Exercise aim
Nothing outside the range is wanted. Repeat exactly the lines below from the one with "Sofá 3 Lugares" through the one with "Recensioni Xerox C325".

** Opening Data for processing block **

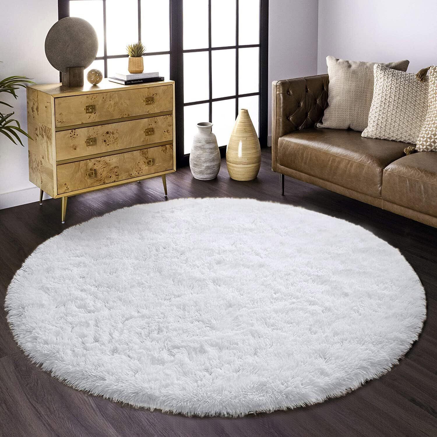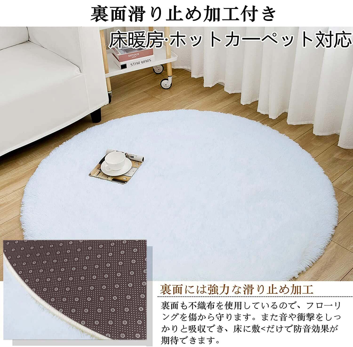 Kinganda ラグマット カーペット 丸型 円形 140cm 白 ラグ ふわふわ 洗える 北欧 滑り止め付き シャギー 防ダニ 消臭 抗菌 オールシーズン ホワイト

** Closing Data for processing block **
** Opening Data for processing block **

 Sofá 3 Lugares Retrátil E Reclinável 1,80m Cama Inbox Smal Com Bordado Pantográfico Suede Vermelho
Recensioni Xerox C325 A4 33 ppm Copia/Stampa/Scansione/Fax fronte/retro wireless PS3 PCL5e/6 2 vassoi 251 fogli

** Closing Data for processing block **

Answer to this task
 Sofá 3 Lugares Retrátil E Reclinável 1,80m Cama Inbox Smal Com Bordado Pantográfico Suede Vermelho
Recensioni Xerox C325 A4 33 ppm Copia/Stampa/Scansione/Fax fronte/retro wireless PS3 PCL5e/6 2 vassoi 251 fogli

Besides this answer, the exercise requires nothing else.